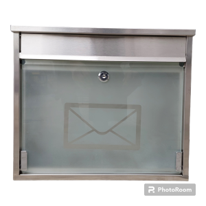 Nerezová poštovní schránka s horním vhozem, včetně zámku a průhledového okýnka.
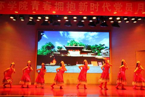 晚会在资环学院艺术团舞蹈团的曼妙舞姿中拉开帷幕,晚会共分为不忘初心、矢志奋斗、共赴新时代三个篇章。
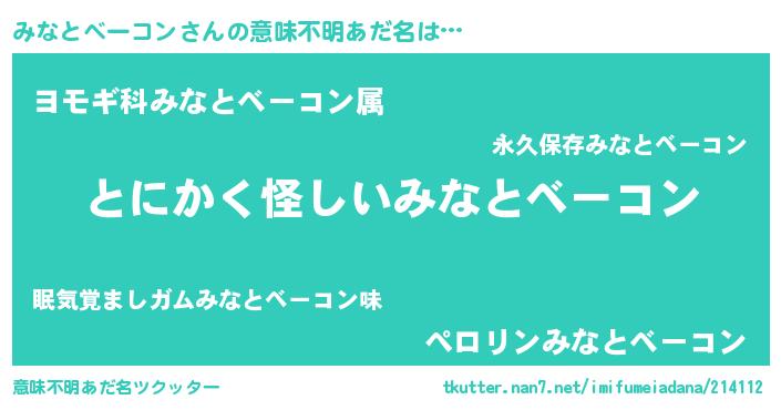 | 男性向けラノベタイトル風あだ名 | 『うちのみなとベーコンが世界を掌握している!』 |
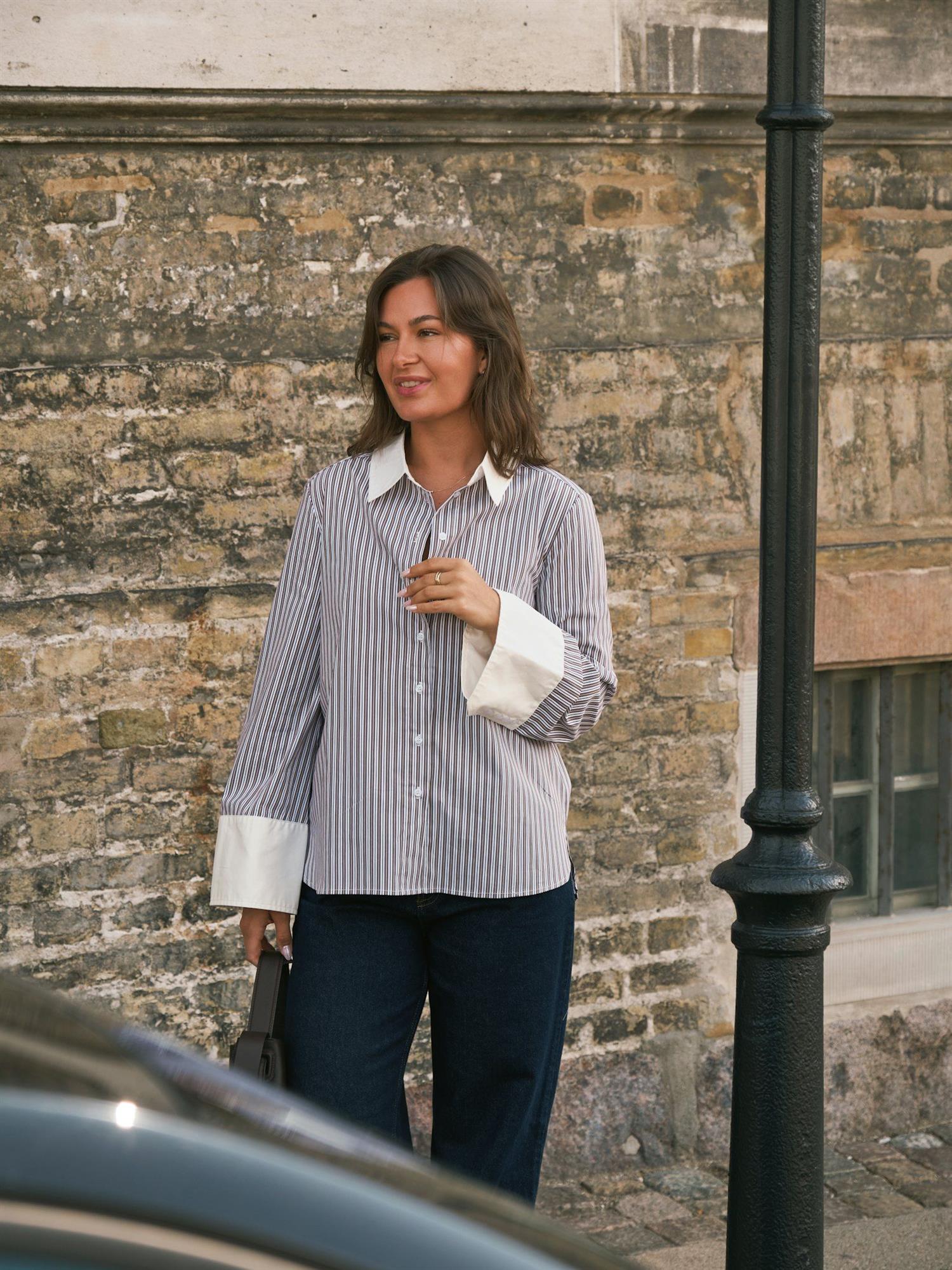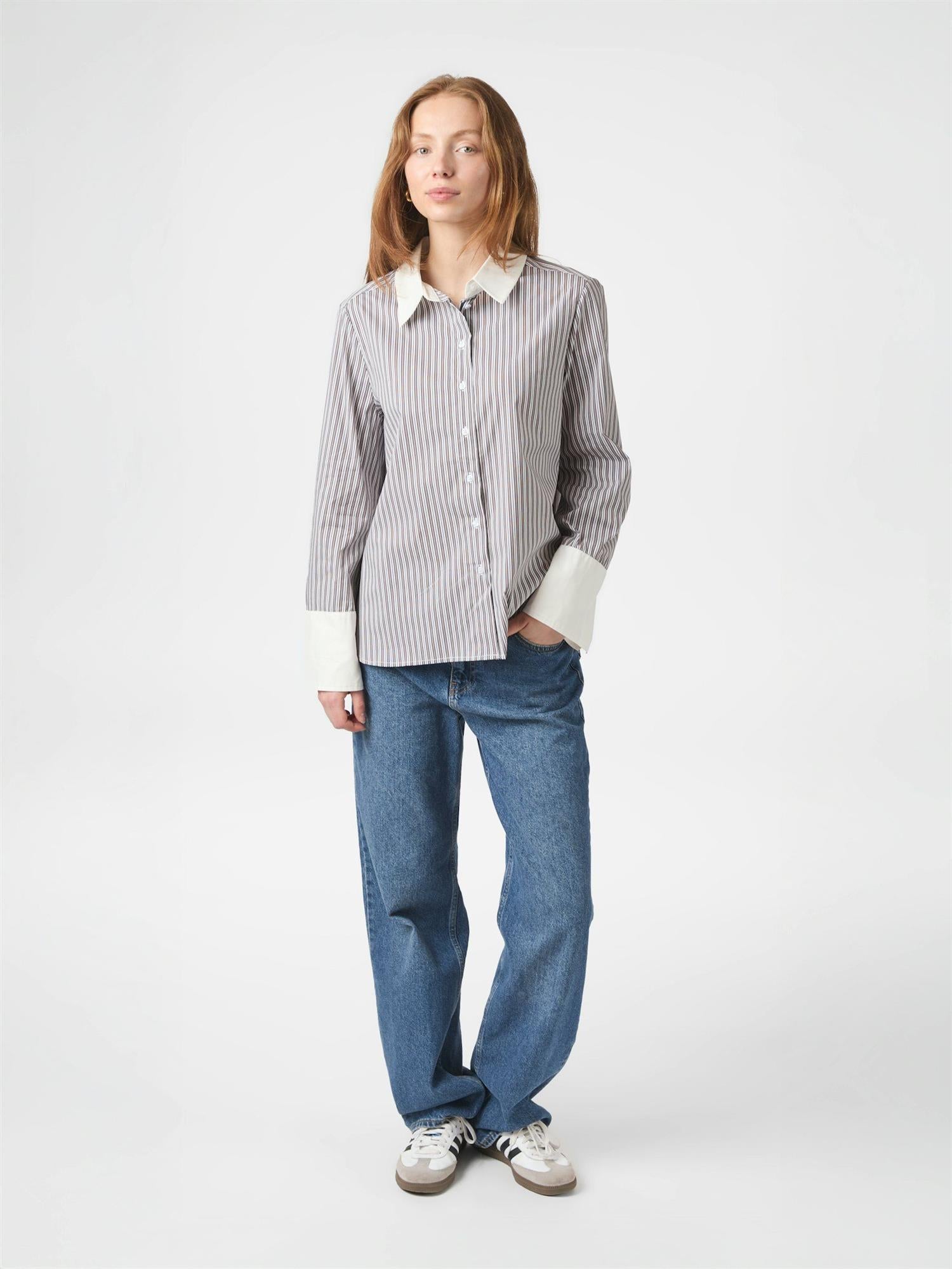 Dranila Stripe Shirt fra Neo Noir er en klassisk skjorte med en moderne vri. Den har et tidløst stripemønster, en rett passform og lette, strukturerte ermer som gir plagget en oppdatert og stilfull look. Skjorten passer like godt til kontoret som til en mer avslappet hverdag – style den med jeans, dressbukser eller skjørt etter anledning.
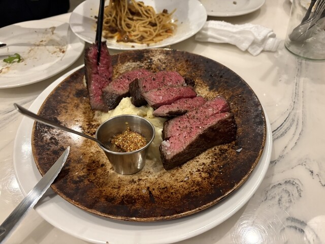 料理はパスタ、ピザ、肉料理など頂いて、どれも美味しかったですが、イチボのステーキが絶品!
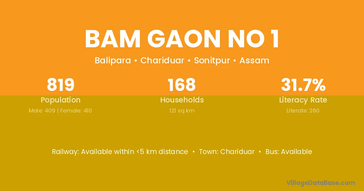 Bam Gaon No 1 village has a total population of 819 people, of which 409 are males and 410 are females.
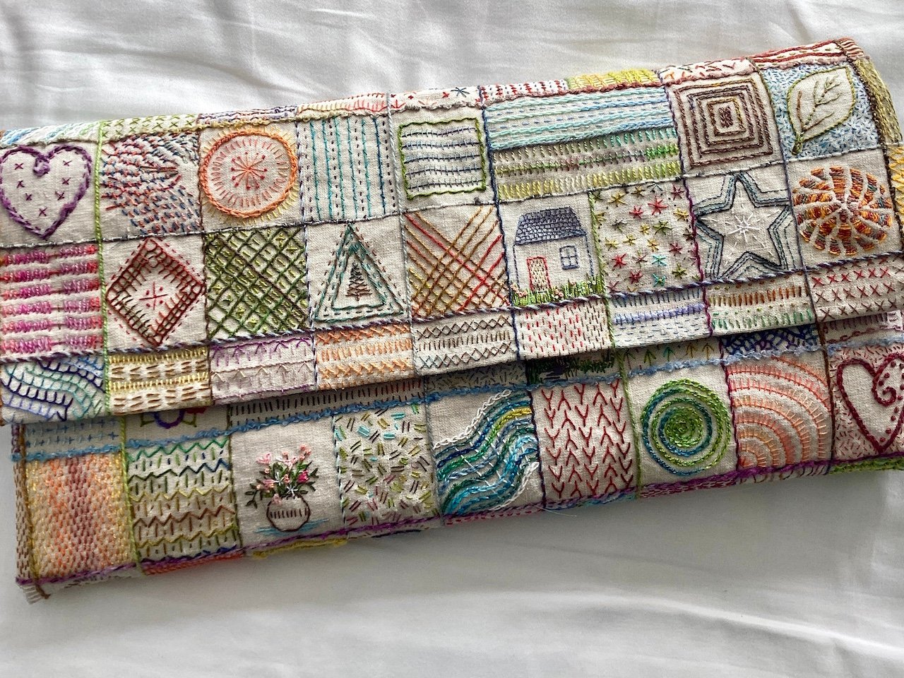 I do not explain in this document how to work any of the stitches, nor do I tell you what stitches to use - all of that is entirely up to you. This is a template, not a kit, designed to encourage you to create your own unique embroidered cloth. If you are an absolute beginner and need to know how to do (for example) running stitch or couching, you could refer to one of the many embroidery books or online videos and tutorials that talk you through getting started. You might also consider signing up for my online course, Intuitive Daily Stitching, which demonstrates several stitch types that you can practise and has information on choosing fabric and thread, and on maintaining a mindful daily stitch practice: karen-turner-stitching-life.teachable.com/p/intuitive-daily-stitching

● What the task asks:
Give back, exactly and without pictures, the stretch of the records above from the line containing "晚会在资环学院艺术团舞蹈团的" through the line containing "Dranila Stripe Shirt", with both end lines included.

● Solution:
 晚会在资环学院艺术团舞蹈团的曼妙舞姿中拉开帷幕,晚会共分为不忘初心、矢志奋斗、共赴新时代三个篇章。
 | 男性向けラノベタイトル風あだ名 | 『うちのみなとベーコンが世界を掌握している!』 |
 Dranila Stripe Shirt fra Neo Noir er en klassisk skjorte med en moderne vri. Den har et tidløst stripemønster, en rett passform og lette, strukturerte ermer som gir plagget en oppdatert og stilfull look. Skjorten passer like godt til kontoret som til en mer avslappet hverdag – style den med jeans, dressbukser eller skjørt etter anledning.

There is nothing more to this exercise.